- [RECORDED DATA]:
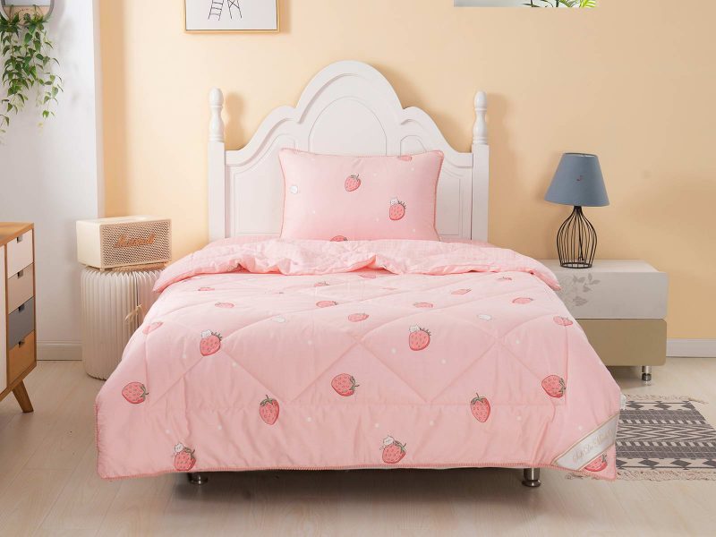 В комплект входят простыня, наволочки и одеяло. Одеяло простеганное, легкое и воздушное, его можно стирать в стиральной машине. Благодаря микроволокну в составе наполнителя для одеяла, оно всегда принимает свою начальную форму.
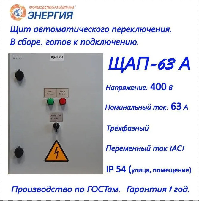 Щит автоматического переключения, навесной, уличный, ЩАП 63А, IP54, 500х400х200 металлический корпус, в сборе.
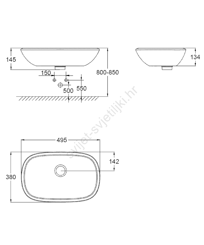 • Bez preljevnog otvora i bez rupe za slavinu, idealan za kombinaciju sa zidnim ili stolnim slavinama.

- [ACTIVITY]:
The whole listing above must be set down again exactly, but without its images.

- [THE COMPLETED TASK]:
 В комплект входят простыня, наволочки и одеяло. Одеяло простеганное, легкое и воздушное, его можно стирать в стиральной машине. Благодаря микроволокну в составе наполнителя для одеяла, оно всегда принимает свою начальную форму.
 Щит автоматического переключения, навесной, уличный, ЩАП 63А, IP54, 500х400х200 металлический корпус, в сборе.
 • Bez preljevnog otvora i bez rupe za slavinu, idealan za kombinaciju sa zidnim ili stolnim slavinama.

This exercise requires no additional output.